I’m barely getting through tomorrow
But still I won’t let sorrow bring me way down.
— Dolly Parton, “Hard Candy Christmas”
Yes. It’s a Total Party Kill again.
Positives: in the living room, my couch is the base of operations with cows and such.
Downside: I think I’m starting to lose the bedroom as a result. But that could just be a result of not spending all my time up there anymore. I like to think it’s the latter.
General PTSD stuff: Good gods, there’s no way I can get through this dungeon without major, even permanent, damage to my HP.
Maybe I’ll just get drunk on apple wine—
Sadly, I’ve gone back to denying. It’s hurting and… well, maybe I’m facing it a little by not resorting to the “be unconscious for several days in a row”, because so far it’s the only ledge my PTSD is giving me that seems… free. But probably, like the really horrible GM it is, that’s only a trick, and the purchase will crumble under my feet at the last moment.

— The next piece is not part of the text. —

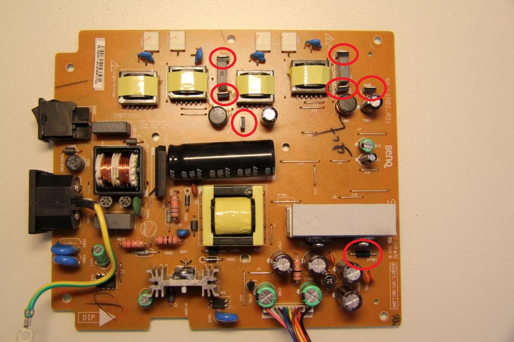 Update 11.10.2011: Die Netzteilplatine des HP L1955 hat die Bezeichnung Benq 48.L1A02.A00. Bei eBay finden sich bei einer Suche nach der Platine oder den Typbezeichnungen der defekten Transistoren (z.B. C5707 oder FU9024N) Bauteilkits für die Reperatur des Geräts.

Last year, this is where I ended up. And that was when I thought I’d be fine… I’m just crashing.
Friend of mine on the island told me a year ago that I was simply thinking myself into the PTSD.

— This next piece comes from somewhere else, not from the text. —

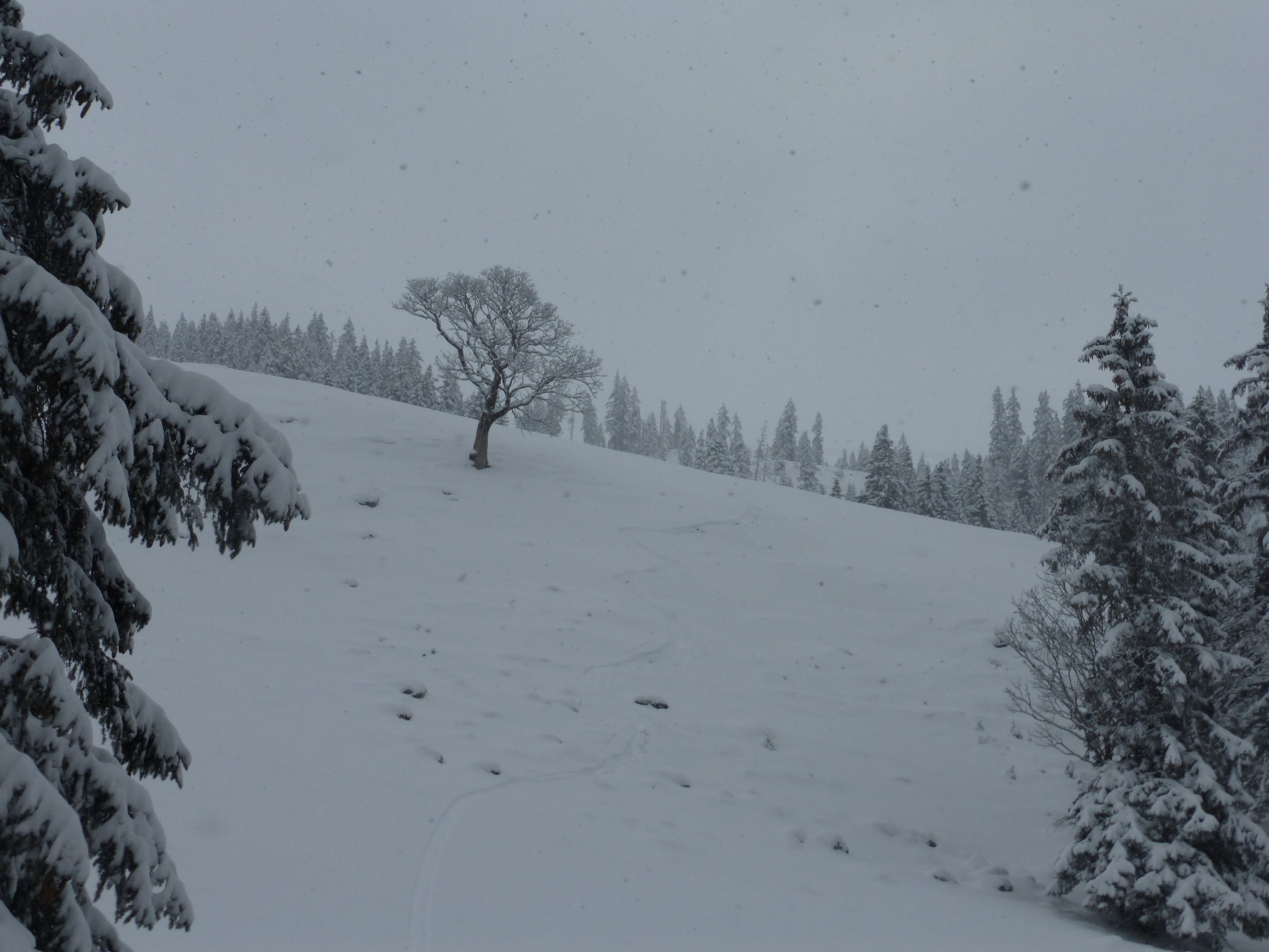 Hirsegg gestartet, geht gerade noch knapp, für " die Masse" nicht mehr zu empfehlen. In den Mulden hat es Schnee hineingeweht. Zuunterst keine Unterlage, ab Stächelegg dann doch Neuschnee auf gefrorener Unterlage. Es hat 20-30 oberhalb Waldgrenze bis 50cm Neuschnee...

Ah, ha ha ha ha. I don’t even know how to prove to him that it’s not that way. Some people you can’t convince.
As I progress through all this, I’m trying to get my sleep, get my nutrition, get… something else. I’m falling apart. I don’t know what to do. Every path, it seems wrong…

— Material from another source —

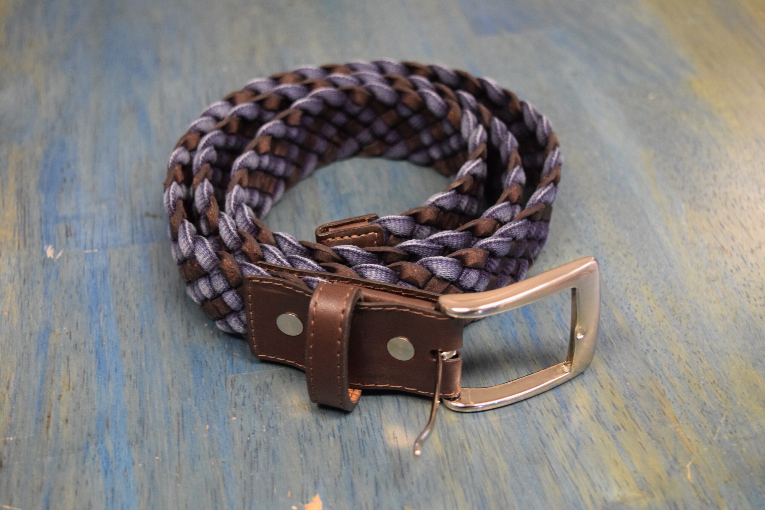 Brown leather/navy cloth braided belt

Thus far, I am engaging in Mythbusters as a destruction. And playing war games with myself—although given that I can only handle complexity on the level of really bad strategy in the Pocket Battles series, this is making me depressed too. (Pocket Battles is a great little series, actually. I could see it having been a Kosmos 2-player, if German games were more confrontational.)
The really, really upsetting thing is that I’ve lost a lot of my cognitive ability even after a full night of sleep, and eating enough, and so I spend time late into the night trying to prove to myself that I’ll be fine.
I’m not gonna be fine.
I want to actually be awake and aware this Christmas. I don’t know. Maybe I’ll learn something. Or maybe I’ll resort to Xanax and Ambien. I kind of… want to measure what happens over the next few days. Maybe that means I really am going to face it—but I can’t help but remember last year.